I have written a python program to interface with a compiled program (call it ProgramX) that has some idiosyncrasies that are proving difficult to deal with. I need to feed many thousands of input files to ProgramX via my python program. What I would like to do is to grab the output file that ProgramX creates with each run, and rename it something sensible, like inputfilename.output.

The problem comes in the output file that is written by ProgramX -- it is named via an unpredictable method, which will write, and "mercilessly overwrite", the output file if it already exists (which is the case the majority of the time). The saving grace probably comes with the fact that there is a standard prefix to the output files: think ProgramX.notQuiteRandomNumber.
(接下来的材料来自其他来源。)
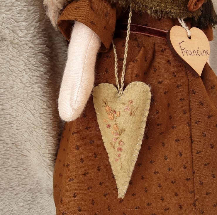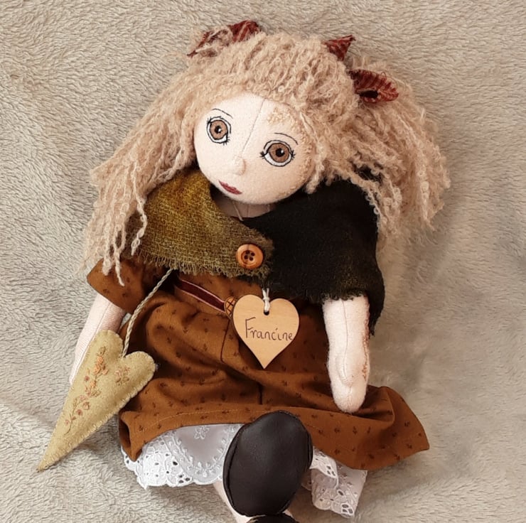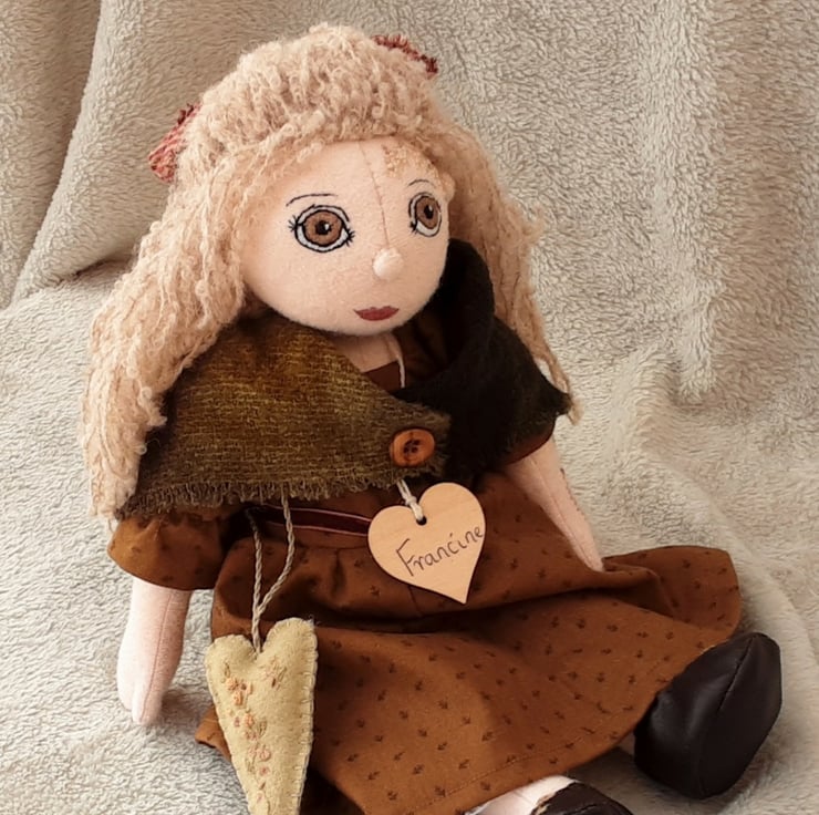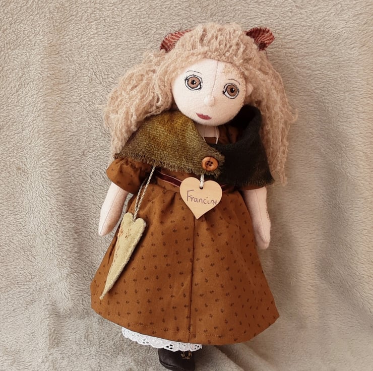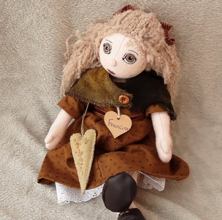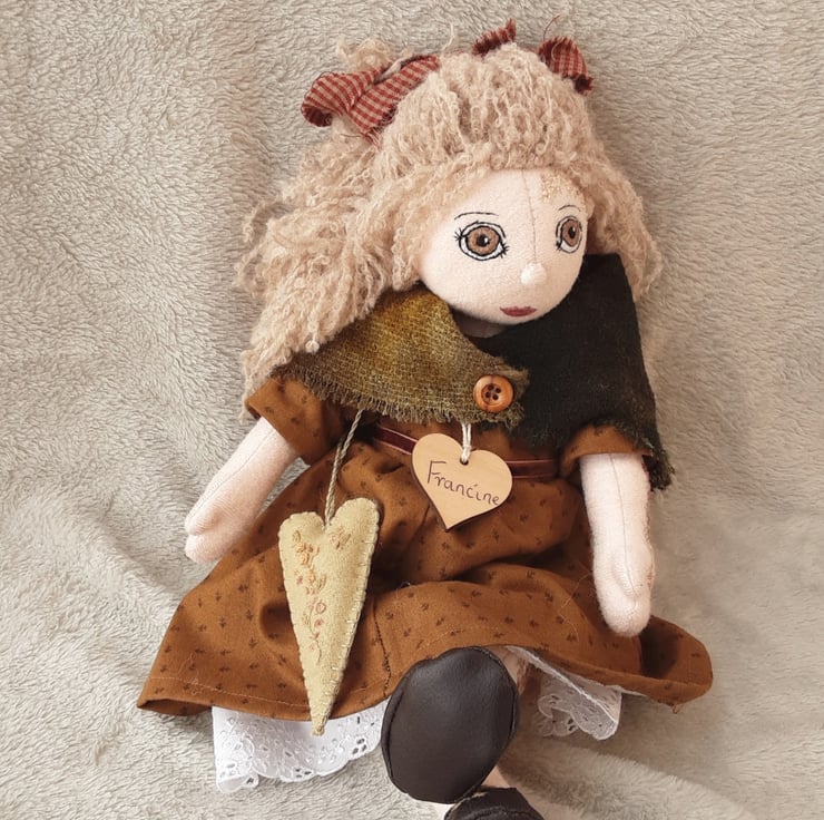 I love heritage styles, I had an image in my head of how I would like Francine to look and carefully selected fabrics, colours and trims to bring her to life. Doll making is a passion, I love all the little finishing touches that can be achieved when making the dolls. Their individual personalities and hand embroidered details, particularly the eyes which I spend many hours stitching, unpicking and restitching in order to bring her to life, the eyes are the windows of the soul.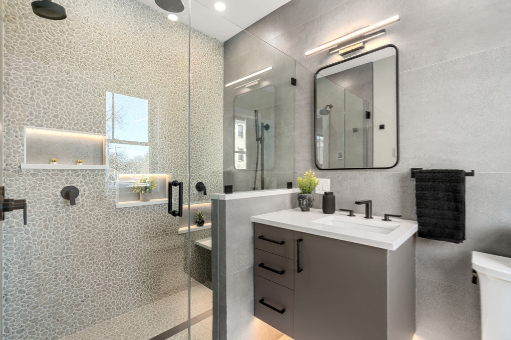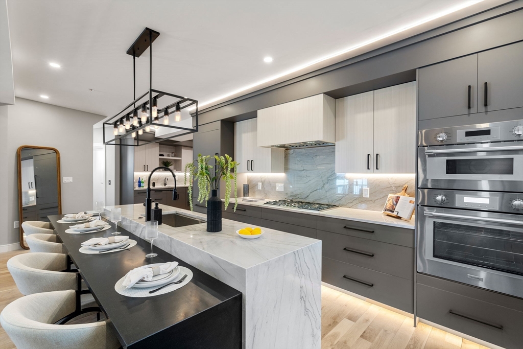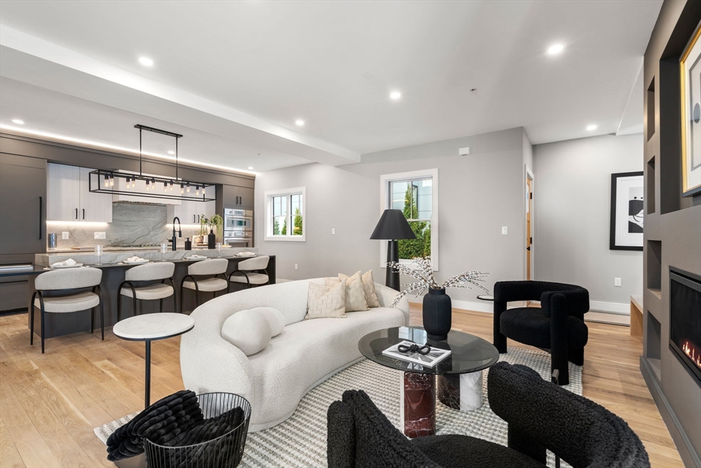 This stunning new construction condo has it all - 3 beds, 3.5 baths, elevator, 2-car garage, private fenced yard w/deck and patio! Inspired design and exceptional attention to detail combine to create a sophisticated, comfortable and versatile living environment. Elegant living room features gas fireplace, built-ins, and French doors that open to deck/yard, allowing for easy indoor-outdoor lifestyle. Well-appointed kitchen offers Thermador appliances, custom cabinetry, large island w/breakfast bar, dining area, wet bar, pantry. Family room offers flexible use as media room, playroom, home office. First-floor bedroom suite features spa-like bathroom. Upstairs primary bedroom suite is a sanctuary, complete w/luxurious bathroom, walk-in closet, balcony. Second floor has add’l bedroom with en suite bath, plus laundry area. Private elevator access from garage to all floors. Front entrance w/mudroom area. Convenient to shops, restaurants, schools, public transp’n, Longwood Medical, downtown.

The only think I can think to do is something like this in my bash shell:

PROGRAMXOUTPUT=$(ls -ltr ProgramX* | tail -n -1 | awk '{print $8}')
mv $PROGRAMXOUTPUT input.output

Which does 90% of what I need, but before I program all that bash into a series of Popen statements, is there a better way to do this? This problem feels like something people might have a much better solution than what I'm thinking.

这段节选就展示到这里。